Bu sürece girişim denir - aynı kümeden benzer anıların rekabeti. "Dilde dönüyor" hissinin temeli bu prensibe dayanmaktadır. Müdahale geriye dönüktür (geçmişe yöneliktir), yeni bilgiler eskileri hatırlamamızı engellediğinde. Ve proaktif - önceden öğrenilmiş gerçekler yenilerine yer bırakmaz.

Ve son olarak, bilinçli olarak (veya bilinçsizce) hoş olmayan olayları unutmaya çalıştığımız durumlar vardır. Bize acı, ıstırap veya utanç veren anları hafızamızdan çıkarıyoruz. Bazen onları alternatif anılarla değiştiririz - durumun kendisini veya yorumunu değiştirerek - ve mutlu bir şekilde “unuturuz”. Sahte anıların temeli bu ilkeye dayanır. Yani hafıza güvenilmezdir ve bize acımasız bir şaka yapabilir. Ama bir dahaki sefere bunun hakkında konuşacağız.
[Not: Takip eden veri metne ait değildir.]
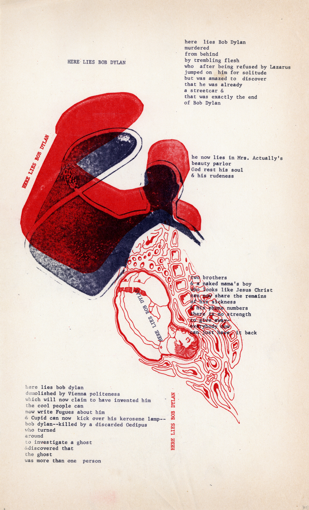 Cat. No.: FC-1-006 Full record BibCit: n.d., ca. 10/1/1967. Broadside. San Francisco: Free City Collective. Collection: SOLA-o; SS-o (MH). Abstract: This visually dense and sardonic broadside stages yet another symbolic death of Bob Dylan, not as obituary but as cultural exorcism. Through fractured typed verse, repeated funerary invocation, and biomorphic red-and-black imagery, it turns Dylan into a contested emblem—murdered, dispersed, and reclaimed by the overlapping projections of hip society, messianic longing, and psychic theater. The piece reads less as commentary on the man himself than as an attack on the making and unmaking of celebrity within the counterculture.

Genel olarak, unutmak normal bir psikolojik süreçtir. Beyin gereksiz çöplerden kurtulur, ki bu iyidir. Hiçbir şeyi unutmamış olsaydınız, görüntüler ve duygularla ne kadar boğulacağınızı hayal edin. Örneğin, her ekmek aldığınızda, tüm hayatınız boyunca satın aldığınız önceki tüm somunları ve ruloları hatırlarsınız. Şimdi ekmeği cinsel bir partnerle değiştirin. Peki bu bir tür cehennem! Normal bir insanın ruhu, mümkün olduğu kadar verimli olacak şekilde tasarlanmıştır. Bellek aynı şekilde çalışır. Sağlığınızı unutun!